国家防衛戦略(NDS:National Defense Strategy)は、国家安全保障戦略を実施していく上での指針であるとともに、国家軍事戦略(NMS:National Military Strategy)を始めとする国防省の戦略文書などの枠組を示すものであり、05(同17)年3月および08(同20)年7月に公表された。08(同20)年のNDSは、米国の国益は、米国および同盟国を攻撃あるいは威圧から守り、紛争を抑制し経済成長を促すために国際安全保障を促進し、国際公共財(Global Commons)とそれを通じた世界市場および資源へのアクセスを確保することにあるとした。また、これらを追求するために、外交や経済的手段などとともに、軍事能力を発展させ、必要に応じてそれを行使してきたとしている。なお、ゲイツ国防長官は、08(同20)年の国家防衛戦略の前文において、「米国は間もなく新たな大統領を迎えるが、米国が直面する複雑な脅威は残存する。本戦略は来るべき将来における青写真となるべきものである」としている。

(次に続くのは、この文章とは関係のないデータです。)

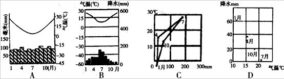 3、下列四图中,正确表示图中A处气候资料的是 ![]() |
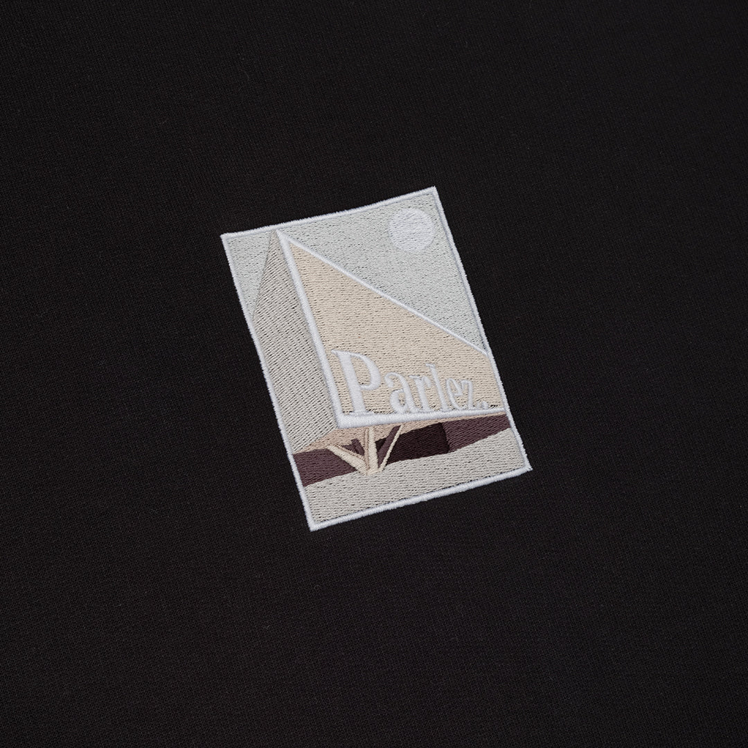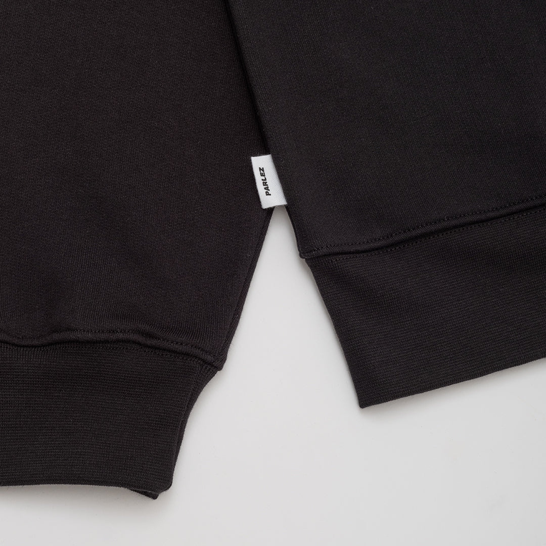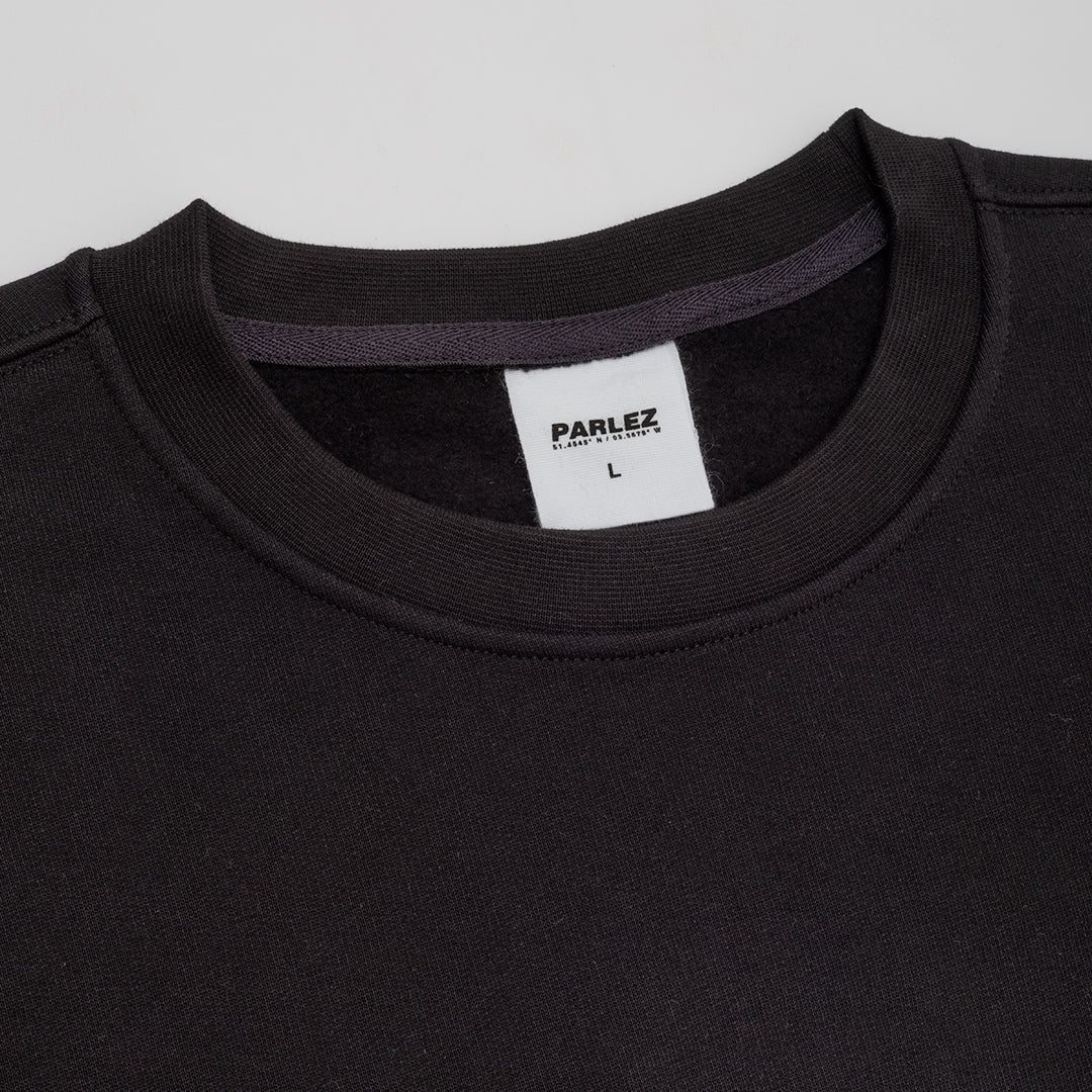 The Longwood Sweat in Black. A brushed back pullover made from soft, GOTS certified 100% organic cotton. Featuring a classic ribbed crewneck, drop-shoulder and ribbed trims. Detailed with an embroidered design on the chest.
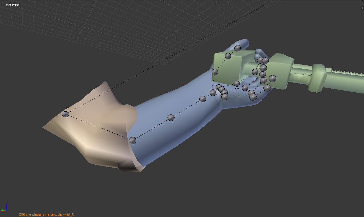Я знаю, что рубашка инженера-то клипы внутри его руку в ружье анимации, но это главным образом потому, что Valve ужасные моделирования/фальсификации. Вот скриншот клапан в анимации, страдает от то же самое (это слишком большой для этого маленький).

QDRは、国防長官が合衆国法典第10篇第118条に基づき4年ごとに議会へ提出することが義務づけられている文書で、今後20年の安全保障環境を見据えた上で、国防戦略、戦力構成、戦略近代化計画、国防インフラ、予算計画などに関する方針を明らかにするものである。10(同22)年2月に国防省は議会へ報告した。
NPRは、今後5〜10年間の米国の核態勢の包括的な見直しを実施し、議会への報告が義務づけられているもので、これまで94(同6)年および02(同14)年に発出されており、今回が3回目となる。